Data entries
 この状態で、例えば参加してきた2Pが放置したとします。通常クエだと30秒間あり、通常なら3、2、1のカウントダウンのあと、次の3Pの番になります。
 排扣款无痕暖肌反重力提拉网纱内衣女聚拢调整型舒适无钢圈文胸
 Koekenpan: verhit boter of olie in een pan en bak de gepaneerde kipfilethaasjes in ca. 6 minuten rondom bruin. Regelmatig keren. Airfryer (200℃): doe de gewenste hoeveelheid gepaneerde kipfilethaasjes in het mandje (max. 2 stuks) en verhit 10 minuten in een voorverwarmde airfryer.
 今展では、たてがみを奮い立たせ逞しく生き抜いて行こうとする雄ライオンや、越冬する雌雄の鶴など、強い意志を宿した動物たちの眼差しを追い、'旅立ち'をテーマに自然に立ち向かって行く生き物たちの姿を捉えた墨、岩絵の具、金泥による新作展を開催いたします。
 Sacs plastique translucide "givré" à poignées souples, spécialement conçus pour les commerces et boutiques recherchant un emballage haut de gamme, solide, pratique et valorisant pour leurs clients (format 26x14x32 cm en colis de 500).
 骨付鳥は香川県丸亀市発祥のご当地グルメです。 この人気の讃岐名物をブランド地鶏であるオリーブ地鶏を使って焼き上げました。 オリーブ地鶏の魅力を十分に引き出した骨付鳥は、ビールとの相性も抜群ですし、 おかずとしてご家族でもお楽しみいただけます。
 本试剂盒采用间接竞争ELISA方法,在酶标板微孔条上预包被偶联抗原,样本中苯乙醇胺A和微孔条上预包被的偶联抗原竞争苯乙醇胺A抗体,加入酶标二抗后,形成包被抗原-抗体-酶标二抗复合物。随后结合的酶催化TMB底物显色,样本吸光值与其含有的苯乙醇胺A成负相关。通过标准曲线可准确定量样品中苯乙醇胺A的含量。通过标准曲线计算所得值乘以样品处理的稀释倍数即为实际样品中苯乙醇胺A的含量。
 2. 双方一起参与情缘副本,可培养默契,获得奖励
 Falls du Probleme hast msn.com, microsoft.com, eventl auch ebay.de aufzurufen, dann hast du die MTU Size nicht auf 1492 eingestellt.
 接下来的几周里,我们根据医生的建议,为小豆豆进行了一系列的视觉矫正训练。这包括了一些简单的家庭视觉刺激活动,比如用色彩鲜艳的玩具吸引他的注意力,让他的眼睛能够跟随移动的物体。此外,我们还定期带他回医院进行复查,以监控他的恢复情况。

◆ **TO DO**: Reproduce exactly the lines from the one containing "Falls du Probleme" through the last line of the records above, including both, and nothing else.

◆ **RESPONSE AREA**:
 Falls du Probleme hast msn.com, microsoft.com, eventl auch ebay.de aufzurufen, dann hast du die MTU Size nicht auf 1492 eingestellt.
 接下来的几周里,我们根据医生的建议,为小豆豆进行了一系列的视觉矫正训练。这包括了一些简单的家庭视觉刺激活动,比如用色彩鲜艳的玩具吸引他的注意力,让他的眼睛能够跟随移动的物体。此外,我们还定期带他回医院进行复查,以监控他的恢复情况。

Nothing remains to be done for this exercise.